Monday, January 19, 2009

New York Finally Recycles (Plastic Grocery Bags)

My subletter moved out and I settled back in to my old apartment last week. I opened the pantry to find a wall of grocery bags packed as tall as me. There were exactly two items in the whole pantry: plastic grocery bags, and an ironing board. I mean, how does that happen in the first place? I've never accumulated that many bags in my whole life, but I turn my back for one semester and you could film a horror movie in there.

All last year I asked around about where you can recycle these bags, and the answer was: You can't. You can recycle most other normal recyclables in New York, but not plastic bags.

It drove me crazy.

Fortunately, New York State recently passed a law requiring certain businesses in New York City to accept plastic bags for recycling starting January 1, 2009. This means that at larger grocery stores or chains there should be a clearly marked bin where you can return all those plastic grocery bags that have been accumulating in dark corners all over your kitchen.

Safeway in the Bay Area has had these bins for years. However, no one ever seemed to know about them, except me. Every month or so I'd take a huge plastic bag stuffed with plastic bags to Safeway, and people would always ask what the hell I was doing.

Anyway, now this brilliant idea has arrived in New York, but a lot of stores still don't have the bins.

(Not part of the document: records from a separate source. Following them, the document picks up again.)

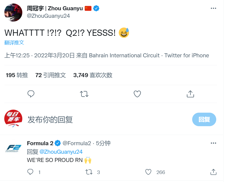 结束自己的第一场F1排位赛,周冠宇发推:什么,Q2!棒啊!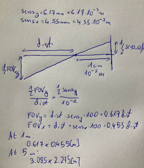 One of the problems I encountered is that the size of the sensor is quite small (6.17[mm]x4.55[mm]). Due to dimensions of the lens mount element, the pinhole was placed +-1[cm] away from the sensor and this results in quite narrow field of view (see calucations below). Due to narrow field of view it's fairly hard to aim the camera.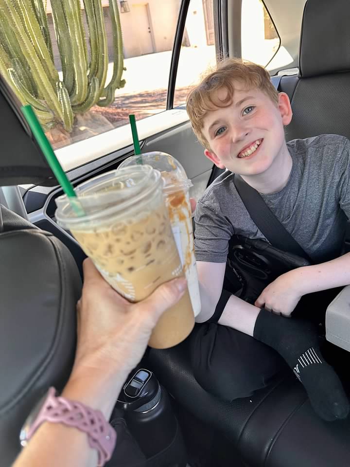 Starbucks date with Fox after school while we wait for Finn's bus (we got him one too of course).

Stores are supposedly fined $100 a day for not having them, but there's either a grace period for compliance, or $100 a day is less of a burden for stores than figuring out where to get these recycling bins.

I'm happy to report that the Gristede's near me in Washington Heights is on top of their game, and has placed a bin right by the entrance, so now I can go in, dump my bags and not shop there, because their groceries are ridiculously expensive. But kudos to them for the bins.

The Fairway Supermarket on the Upper West Side has a bin, but most of their employees and managers don't even know about it. I finally found one manager who did, and he pointed me upstairs, to their organic food section where there were only about three customers milling about. My friend said to me today, "There's an upstairs at Fairway?" Not a good place for an item that is already so obscure in the consciousness of even the store's employees.

Since there's clearly a publicity and marketing person who's not doing their job on this plastic bag recycling campaign, I'm making it a point to tell everyone about it. (Also, if you'd like to fire that person and replace her/him with me, I do have a marketing background, excellent communication skills, and a fierce hatred of plastic grocery bags that don't get recycled.)

Another part of the problem is that I've only seen these bins with my own eyes in two places in the city. Let's be fair, though, I've only been back in town for a week. I hear that Whole Foods has them, if that's any help. The Rite Aid in my neighborhood doesn't have one, and the employee I asked about it didn't know what the hell I was talking about.

"You're looking for what? Outside. Just go outside."

So good to be back in New York.

If you find a listing of stores in New York that have these bins, send it my way.